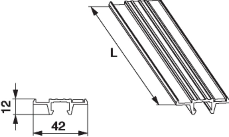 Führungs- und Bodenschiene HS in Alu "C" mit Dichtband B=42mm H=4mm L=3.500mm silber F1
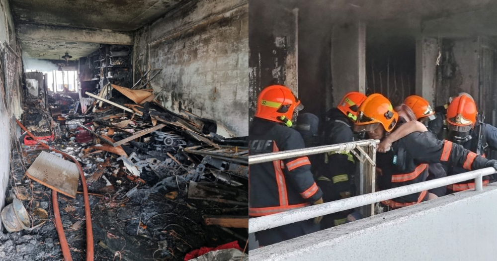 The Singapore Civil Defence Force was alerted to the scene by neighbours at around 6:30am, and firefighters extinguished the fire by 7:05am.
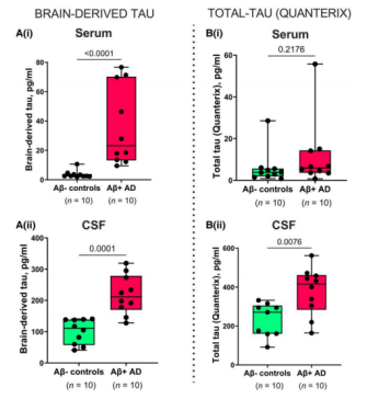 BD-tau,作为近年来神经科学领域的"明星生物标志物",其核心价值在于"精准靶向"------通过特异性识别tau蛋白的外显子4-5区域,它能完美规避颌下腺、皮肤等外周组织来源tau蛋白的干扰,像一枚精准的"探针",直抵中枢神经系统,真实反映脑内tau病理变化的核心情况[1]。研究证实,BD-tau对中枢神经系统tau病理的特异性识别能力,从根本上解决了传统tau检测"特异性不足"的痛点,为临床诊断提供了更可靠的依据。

---

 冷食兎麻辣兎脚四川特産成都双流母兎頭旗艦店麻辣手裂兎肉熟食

...

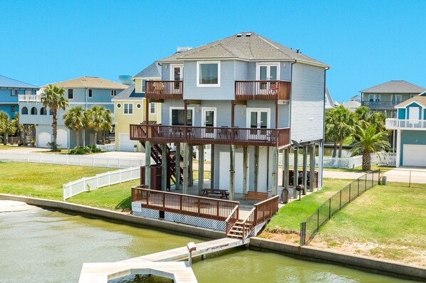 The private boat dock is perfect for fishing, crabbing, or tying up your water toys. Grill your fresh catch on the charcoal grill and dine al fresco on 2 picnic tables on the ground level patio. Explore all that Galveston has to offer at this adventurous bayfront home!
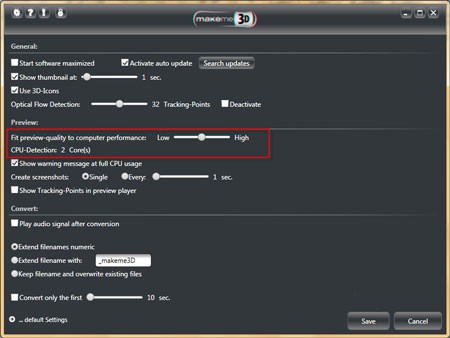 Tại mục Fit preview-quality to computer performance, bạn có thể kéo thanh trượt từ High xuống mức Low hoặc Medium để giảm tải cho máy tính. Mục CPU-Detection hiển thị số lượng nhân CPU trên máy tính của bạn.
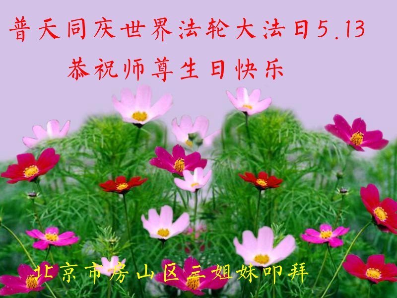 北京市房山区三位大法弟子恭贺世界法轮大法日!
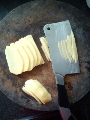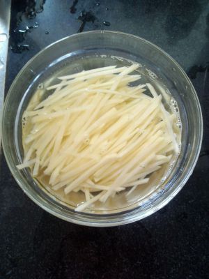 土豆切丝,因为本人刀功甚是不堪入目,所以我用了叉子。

Your instructions -
Of the lines above, quote exactly those from the one with "Führungs- und Bodenschiene" through the one with "BD-tau,作为近年来神经", ends included; pictures stay out.

Worked solution -
 Führungs- und Bodenschiene HS in Alu "C" mit Dichtband B=42mm H=4mm L=3.500mm silber F1
 The Singapore Civil Defence Force was alerted to the scene by neighbours at around 6:30am, and firefighters extinguished the fire by 7:05am.
 BD-tau,作为近年来神经科学领域的"明星生物标志物",其核心价值在于"精准靶向"------通过特异性识别tau蛋白的外显子4-5区域,它能完美规避颌下腺、皮肤等外周组织来源tau蛋白的干扰,像一枚精准的"探针",直抵中枢神经系统,真实反映脑内tau病理变化的核心情况[1]。研究证实,BD-tau对中枢神经系统tau病理的特异性识别能力,从根本上解决了传统tau检测"特异性不足"的痛点,为临床诊断提供了更可靠的依据。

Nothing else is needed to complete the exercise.